***** SOURCE RECORDS

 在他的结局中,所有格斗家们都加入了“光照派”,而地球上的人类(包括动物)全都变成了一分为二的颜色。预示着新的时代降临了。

**********
***** SOURCE RECORDS

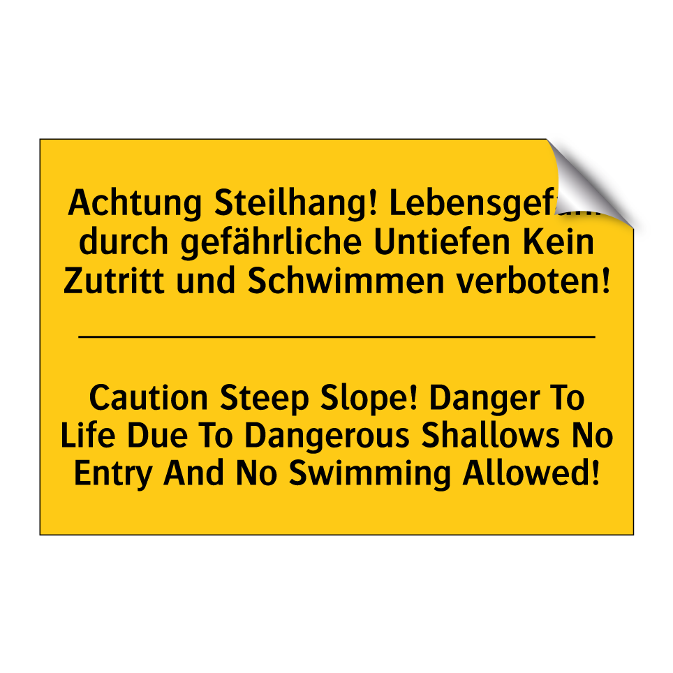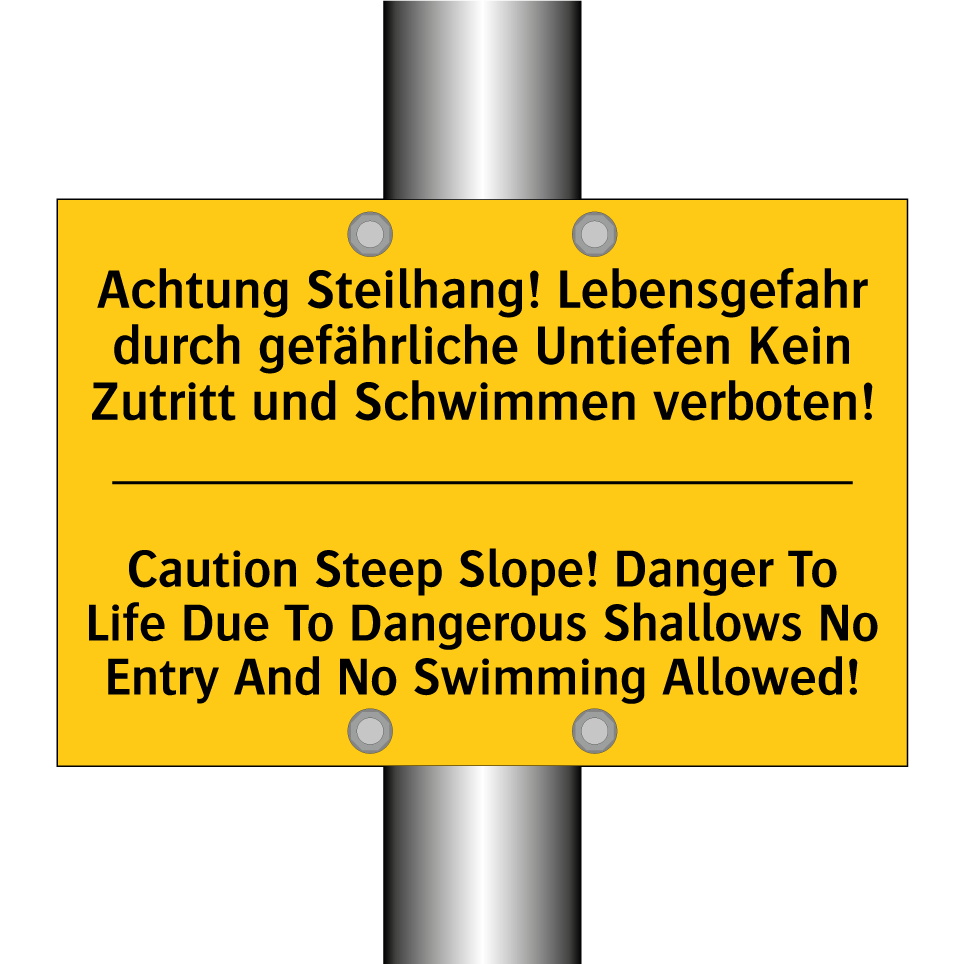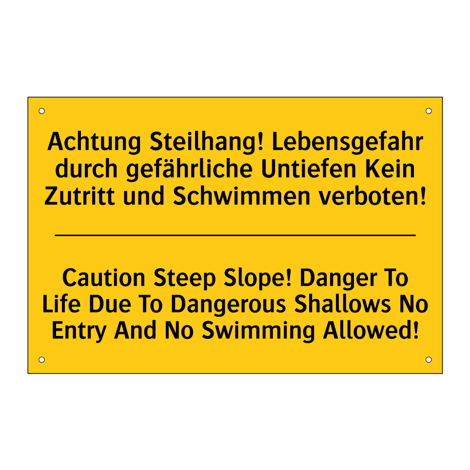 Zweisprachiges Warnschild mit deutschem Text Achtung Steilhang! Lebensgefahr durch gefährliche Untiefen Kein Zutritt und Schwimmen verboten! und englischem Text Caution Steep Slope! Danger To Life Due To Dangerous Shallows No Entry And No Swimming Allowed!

**********
***** SOURCE RECORDS

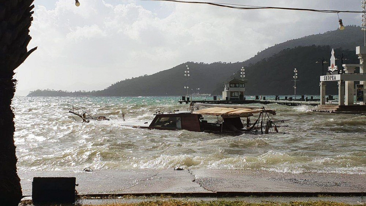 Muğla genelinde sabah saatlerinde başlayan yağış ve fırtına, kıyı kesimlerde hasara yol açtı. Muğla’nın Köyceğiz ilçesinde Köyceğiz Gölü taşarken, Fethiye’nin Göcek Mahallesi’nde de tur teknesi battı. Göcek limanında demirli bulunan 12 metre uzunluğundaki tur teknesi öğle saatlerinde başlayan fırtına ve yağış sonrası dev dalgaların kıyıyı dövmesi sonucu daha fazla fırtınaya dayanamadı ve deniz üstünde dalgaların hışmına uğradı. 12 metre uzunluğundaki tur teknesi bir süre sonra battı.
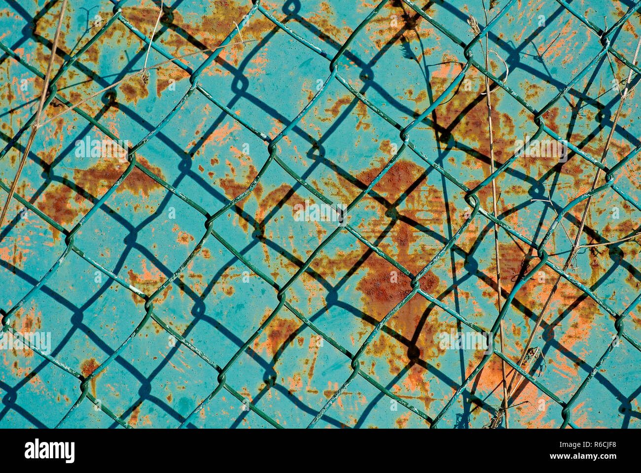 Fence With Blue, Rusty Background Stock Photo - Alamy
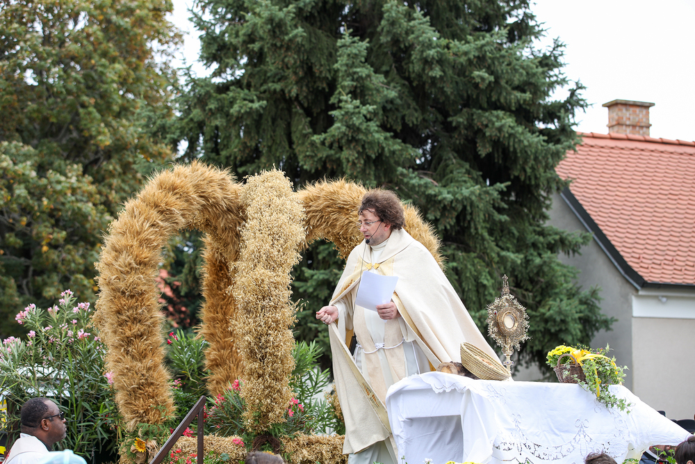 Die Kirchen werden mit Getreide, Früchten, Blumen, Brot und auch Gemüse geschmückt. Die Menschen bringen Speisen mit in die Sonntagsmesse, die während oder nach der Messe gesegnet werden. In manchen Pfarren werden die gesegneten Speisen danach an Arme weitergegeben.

**********

## WHAT YOU NEED TO DO
In the records above, find the line with "Fence With Blue, Rusty" and the line with "Die Kirchen werden". Write out exactly those lines and every one between, with no pictures and no other lines.

## EXERCISE RESPONSE
 Fence With Blue, Rusty Background Stock Photo - Alamy
 Die Kirchen werden mit Getreide, Früchten, Blumen, Brot und auch Gemüse geschmückt. Die Menschen bringen Speisen mit in die Sonntagsmesse, die während oder nach der Messe gesegnet werden. In manchen Pfarren werden die gesegneten Speisen danach an Arme weitergegeben.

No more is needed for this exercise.